── Information supplied

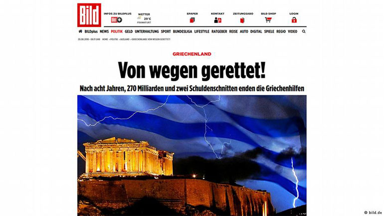 Η εφημερίδα Bild, που διαδραμάτισε κορυφαίο ρόλο στην κίτρινη δημοσιογραφία χτυπώντας πολλές φορές κάτω από τη μέση Έλληνες πολιτικούς και πολίτες συνεχίζει στο ίδιο οικείο μοτίβο. Κυκλοφορεί με τον τίτλο «Σιγά που σώθηκε» εννοώντας την Ελλάδα. Οι αρθρογράφοι φιλοξενούν απόψεις του καθηγητή Οικονομικών Γιώργο Βάμβουκα, του αντιπροέδρου της Ένωσης Φορολογουμένων Θρασύβουλου Μίαρη και του Γιάννη Χατζησαλάτα από το Συνδικάτο Εφοριακών Αττικής που μεταφέρουν τη ζοφερή εικόνα της χώρας, έτσι τουλάχιστον όπως εκείνοι την προσλαμβάνουν. Στο σχόλιο της ίδιας εφημερίδας ο αρθρογράφος επιγράφει το άρθρο του με τη φράση «Χαμένη εμπιστοσύνη».
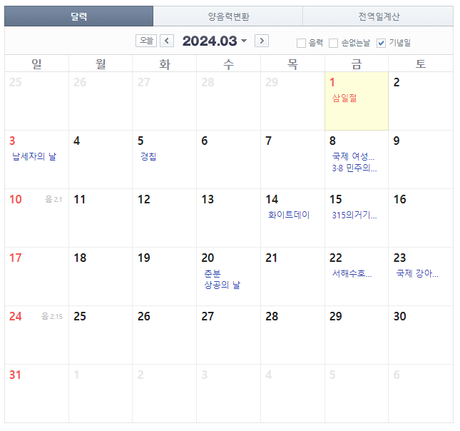 3월에는 삼일절이 있고, 주말을 활용하면 더 긴 휴식을 취할 수 있겠죠.
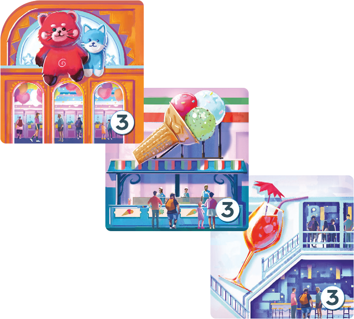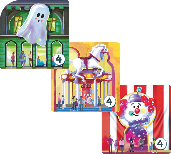 - Rozgrywka składa się z 4 rund, w czasie których gracze będą rezerwowali poszczególne sektory parku i wznosili na nich wybrane atrakcje.
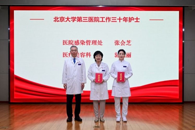 随后,李蓉副院长宣读了在北京大学医学部、北京大学第三医院获奖的优秀个人和集体名单,与会领导为获奖人员颁发荣誉证书。

────

The pictures should not be reproduced; quote all of the other material exactly.

 Η εφημερίδα Bild, που διαδραμάτισε κορυφαίο ρόλο στην κίτρινη δημοσιογραφία χτυπώντας πολλές φορές κάτω από τη μέση Έλληνες πολιτικούς και πολίτες συνεχίζει στο ίδιο οικείο μοτίβο. Κυκλοφορεί με τον τίτλο «Σιγά που σώθηκε» εννοώντας την Ελλάδα. Οι αρθρογράφοι φιλοξενούν απόψεις του καθηγητή Οικονομικών Γιώργο Βάμβουκα, του αντιπροέδρου της Ένωσης Φορολογουμένων Θρασύβουλου Μίαρη και του Γιάννη Χατζησαλάτα από το Συνδικάτο Εφοριακών Αττικής που μεταφέρουν τη ζοφερή εικόνα της χώρας, έτσι τουλάχιστον όπως εκείνοι την προσλαμβάνουν. Στο σχόλιο της ίδιας εφημερίδας ο αρθρογράφος επιγράφει το άρθρο του με τη φράση «Χαμένη εμπιστοσύνη».
 3월에는 삼일절이 있고, 주말을 활용하면 더 긴 휴식을 취할 수 있겠죠.
 - Rozgrywka składa się z 4 rund, w czasie których gracze będą rezerwowali poszczególne sektory parku i wznosili na nich wybrane atrakcje.
 随后,李蓉副院长宣读了在北京大学医学部、北京大学第三医院获奖的优秀个人和集体名单,与会领导为获奖人员颁发荣誉证书。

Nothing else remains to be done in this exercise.